Y aprendí, estimados señores. ¡Ah, sí, cuando hay
que aprender se aprende; se aprende cuando se trata de encontrar una salida!
¡Se aprende de manera despiadada! Se controla uno a sí mismo con la fusta,
flagelándose a la menor debilidad. La condición simiesca salió con violencia
fuera de mí; se alejó de mí dando tumbos. Por ello mi primer adiestrador casi
se transformó en un mono y tuvo que abandonar pronto las lecciones para ser
internado en un sanatorio. Afortunadamente, salió de allí al poco tiempo.
Consumí, sin embargo, a muchos instructores. Sí,
hasta a varios juntos. Cuando ya me sentí más seguro de mi capacidad, cuando el
público percibió mis avances, cuando mi futuro comenzó a sonreírme, yo mismo
elegí mis profesores. Los hice sentar en cinco habitaciones sucesivas y aprendí
con todos a la vez, corriendo sin cesar de un cuarto a otro.
iQué progresos! ¡Qué irrupción, desde todos los
ámbitos, de los rayos del saber en el
cerebro que se aviva! ¿Por qué negarlo? Esto me
hacía feliz. Pero tampoco puedo
negar que no lo sobreestimaba, ya entonces, ¡y
cuánto menos lo sobreestimo ahora!
Con un esfuerzo que hasta hoy no se ha repetido
sobre la tierra, alcancé la cultura media de un europeo. Esto en sí mismo
probablemente no significaría nada, pero es algo, sin embargo, en tanto me
ayudó a dejar la jaula y a procurarme esta salida especial; esta salida humana.
Hay un excelente giro alemán: "escurrirse entre los matorrales". Esto
fue lo que yo hice: "me escurrí entre los matorrales". No me quedaba otro
camino, por supuesto: siempre que no había que elegir la libertad.
Si de un vistazo examino mi evolución y lo que fue
su objetivo hasta ahora, ni me arrepiento de ella, ni me doy por satisfecho.
Con las manos en los bolsillos del pantalón, con la botella de vino sobre la
mesa, recostado o sentado a medias en la mecedora, miro por la ventana. Si
llegan visitas, las recibo correctamente. Mi empresario está sentado en la antecámara:
si toco el timbre, se presenta y escucha lo que tengo que decirle. Por las
noches casi siempre hay función y obtengo éxitos ya apenas superables. Y si al
salir de los banquetes, de las sociedades científicas o de las agradables
reuniones entre amigos, llego a casa a altas horas de la noche, allí me espera
una pequeña y semiamaestrada chimpancé, con quien, a la manera simiesca, lo
paso muy bien. De día no quiero verla pues tiene en la mirada esa demencia del animal
alterado por el adiestramiento; eso únicamente yo lo percibo, y no puedo soportarlo.
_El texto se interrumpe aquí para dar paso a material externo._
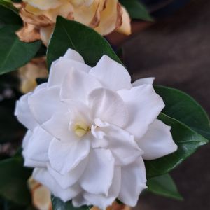 クチナシの花 薫っています😊💞 植木市にて6号鉢クチナシの実を目的に買いました。そのときは花芽だけでしたので、薔薇のような美しい花が咲くとは知らずに。サプライズ🎵😍🎵 植え替えて初めは庭に置いていました。しかし花が咲くと間もなく茶色にいたんでしまいました。 花が風で揺れて葉っぱにあたる刺激ですぐにいたんで茶色になるとわかりました。 室内に移動。ここでは茶色になることなく、何日も真っ白をたもって咲いています😊クリーム色に変わっていきます。

De todos modos, en síntesis, he logrado lo que me
había propuesto lograr. Y no se diga que el esfuerzo no valía la pena. Sin
embargo, no es la opinión de los hombres lo que me interesa; yo sólo quiero
difundir conocimientos, sólo estoy informando. También a vosotros,
excelentísimos señores académicos, sólo os he informado.